Doctors dressed in white coats were joined by more than 50 protesters on the steps of Dalhousie’s Sir Charles Tupper Medical Building to call on the federal government to reverse the 2012 cuts made to the Interim Federal Health Program. 

The program provides health insurance to refugees in Canada, says event co-organizer Tim Holland, physician and co-founder of the Halifax Transitional Health Clinic for Refugees. 

He says these cuts have stripped refugees of their healthcare coverage and left them to pay medical expenses out of pocket. 

Prior to the cuts, he says all refugees in Canada had access to the same health benefits,  but now there is a confusing system that determines a refugee’s need for health care on the basis of immigration status. 

“Refugee claimants are left with essentially no health care,” he says. 

The Canadian Council for Refugees reports that these cuts have led to confusion by health care providers and anxiety for refugees who cannot cover the cost of medical bills, doctors’ appointments and medications. 

Under the new program rules all refugees, except for government sponsored refugees, are denied access to all healthcare services, including vision and dental care. 

“It denies them the most basic health needs, such as prenatal acre or insulin for diabetes,” Holland says. 

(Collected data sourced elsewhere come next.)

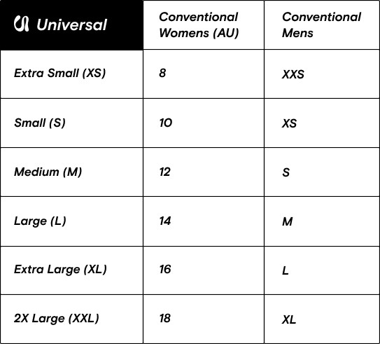Resting is designed for real people, real movement, and real life — with a unique Universal Fit guide that puts comfort first. Find your usual size in the chart, then match it to your Resting Universal size for a fit that feels like you.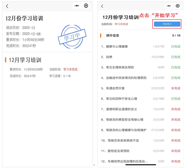 第三步:选择企业下发的学习计划,点击开始学习即可。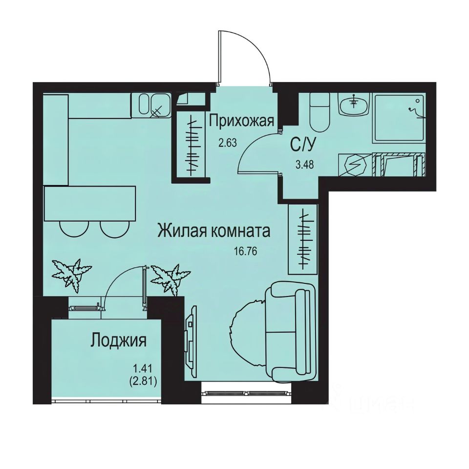 16,8 м²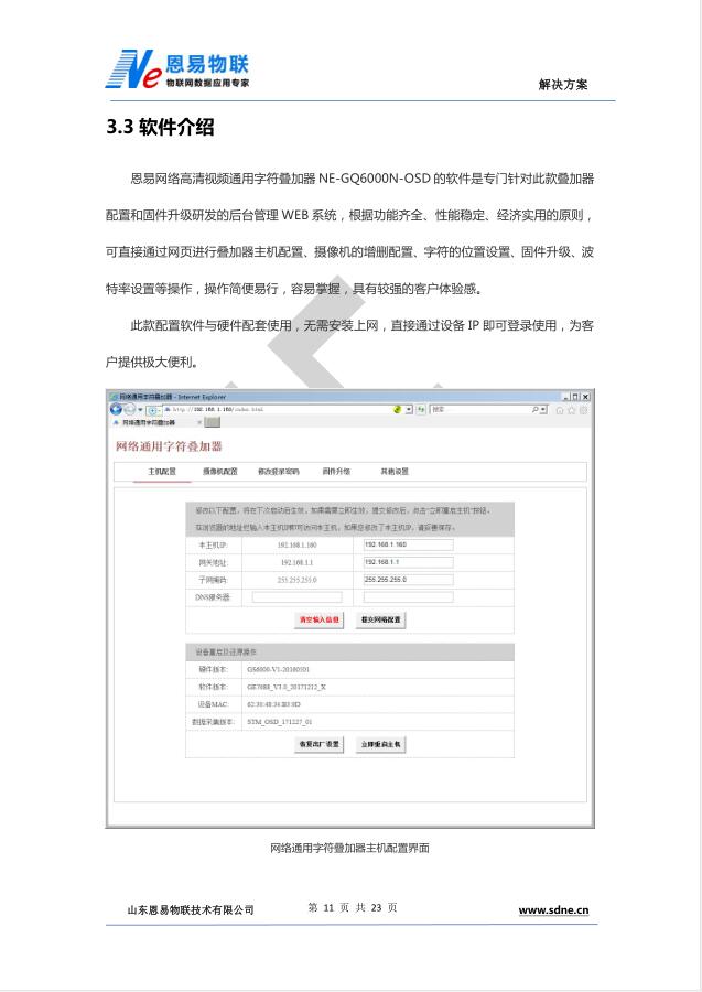 目前,可以改善传统数字监控系统,将环境监测传感器数据实时融合到监控视频画面上的产品就是恩易网络高清字符叠加器NE-GQ6000N-OSD;在物联网云平台上,一经融合,数据信息将永久随视频保存,无论视频传输到什么平台都会带有前端环境监测数据。

In 2012, approximately 100,000 refugee claimants had their health care revoked when the cuts were announced, Zubizarreta says. 

She believes the federal government’s responsibility to provide health care has since fallen onto the shoulder of provincial governments and community organizations with limited resources. 

Refugee healthcare now relies on the ‘good-will’ of physicians who provide patients with free medical care, as well as pharmacists who charge low-costs for medications. 

“We are trying to work outside formal systems to create new paths to care, but it’s a huge challenge.” 

Holland believes new efforts to provide refugee healthcare, such as the Halifax Transitional Health Clinic for Refugees, are a start, but are ultimately still a “ bandaid’ solution. 

He says a non-profit volunteer run clinic cannot provide specialist appointments, psychiatric services and diagnostic imaging. 

Not only does he see the federal government’s healthcare cuts as damaging to people’s lives, but also costly to Canadian taxpayers. 

“(Refugees’) health problems get to the point where they eventually end up in the emergency room and need be admitted for problems that would have been prevented,” he says. “These costs go to the hospital because these patients can’t pay their bills. It’s a cost to society at large.”

In 2013, Citzenship and Immigration Minister Chris Alexander announced refugee claims to Canada had not been this low in decades. 

Zubizarreta says Nova Scotia has one of the smallest refugee populations, but that does not change that healthcare should be a basic human right for everyone. 

“The numbers are small, but the needs are high.”